Ulcerative Colitis

Ulcerative Colitis is a disease that generally affects the innermost layer of the colon and rectum with inflammation in the digestive track. It is a disease that tends to develop overtime, as opposed to coming on suddenly. Depending on how bad the inflammation gets, Ulcerative Colitis can result in diarrhea containing blood or pus, abdominal and rectal pain, as well as rectal bleeding. It is also common to experience the sudden urge to defecate, but unable to do so. Weight loss, fatigue, and fever are also common. Ulcerative Colitis has also been attributed to stunted growth in children.

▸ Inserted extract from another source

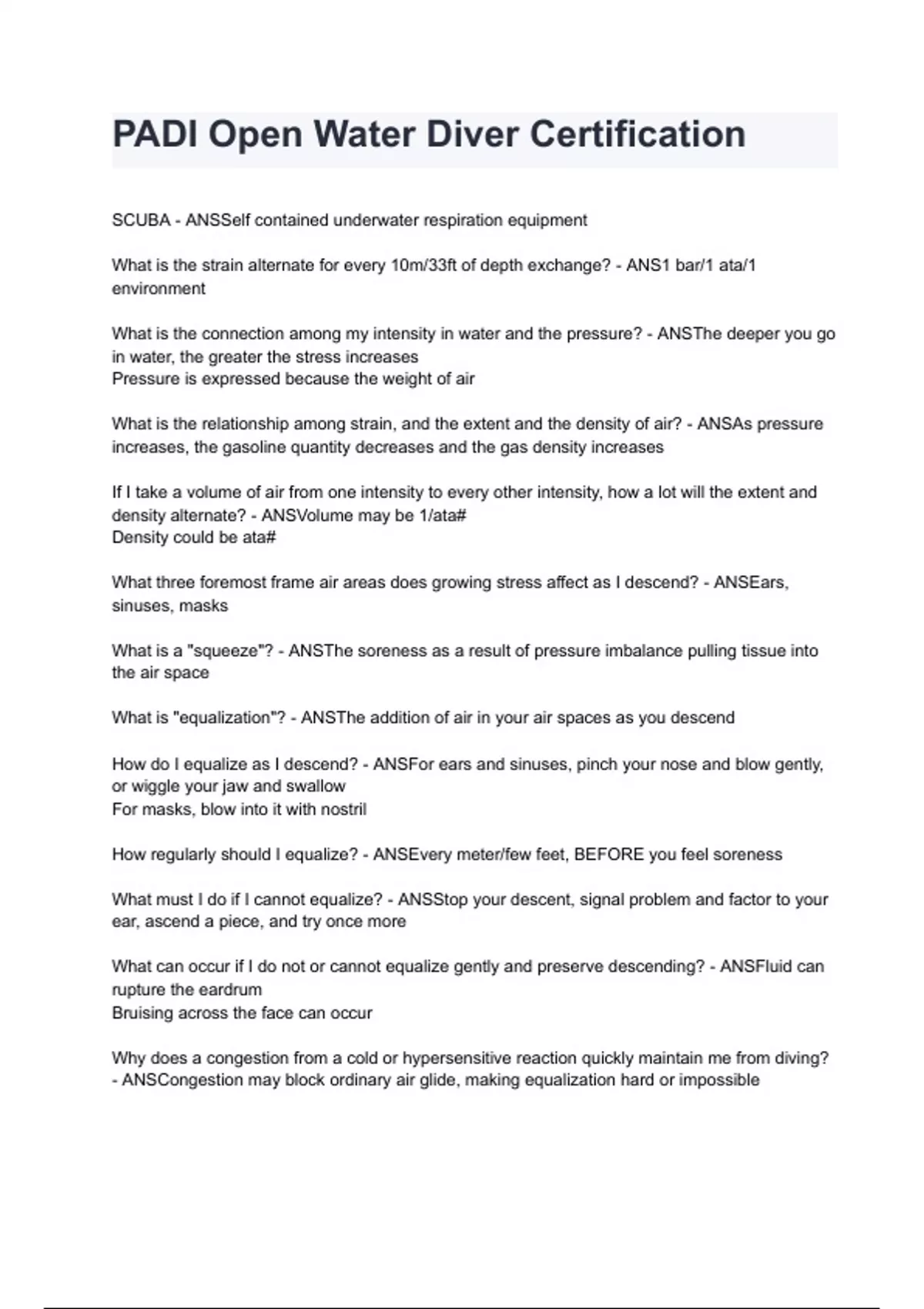 How do I equalize as I descend? - ANSFor ears and sinuses, pinch your nose and blow gently,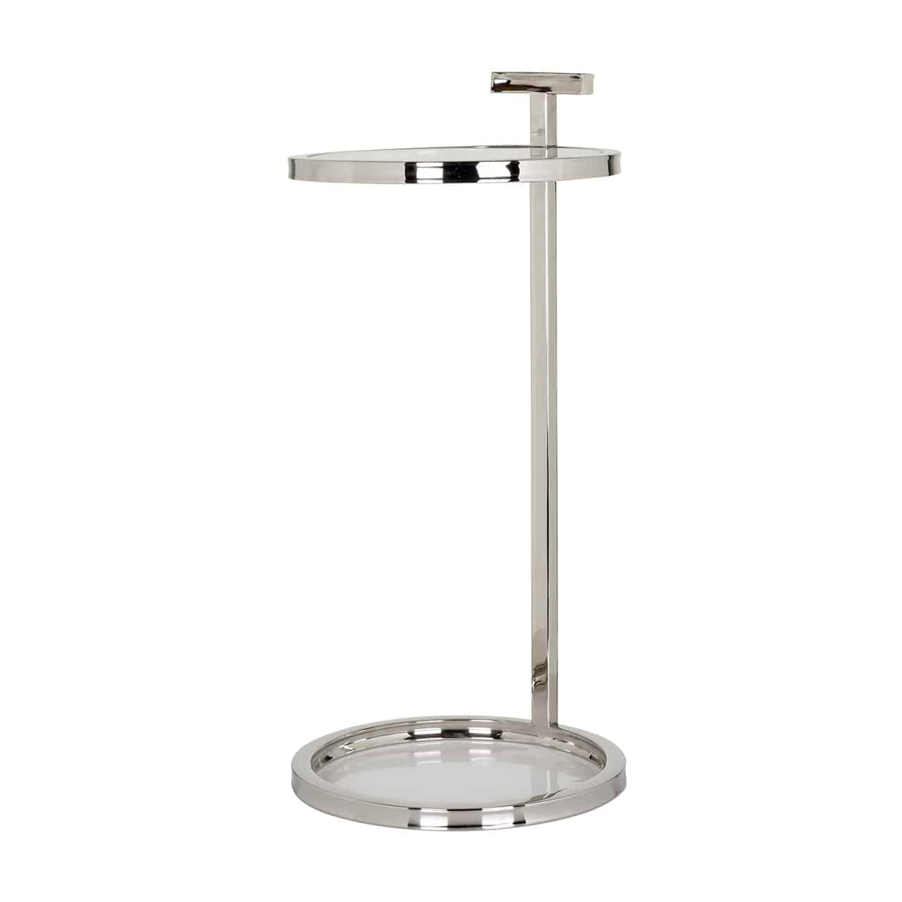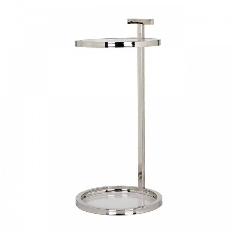 Elegáns lerakóasztal üveglappal, ezüst színű króm vázzal.

Ulcerative Colitis has four main classifications: Ulcerative Proctitis, Proctosigmoiditis, Left-Sided Colitis, and Pancolitis. These classifications are based upon the location of the disease. In Ulcerative Proctitis, the disease in contained to the rectum. At this time rectal bleeding may be the only symptom. Proctosigmoiditis is located in the lower part of the colon, which includes the rectum and sigmoid colon. Tenesmus, the inability to have a bowel movement despite the need to, abdominal cramps and pain, and bloody diarrhea tend to be the symptoms. Left-Sided Colitis is an inflammation throughout the rectum and sigmoid into the descending colon. The symptoms are very similar to Proctosigmoiditis, but the abdominal pain stays to the left. Lastly, Pancolitis runs through the entire colon resulting in weight loss, fatigue, violent, bloody diarrhea, and cramps.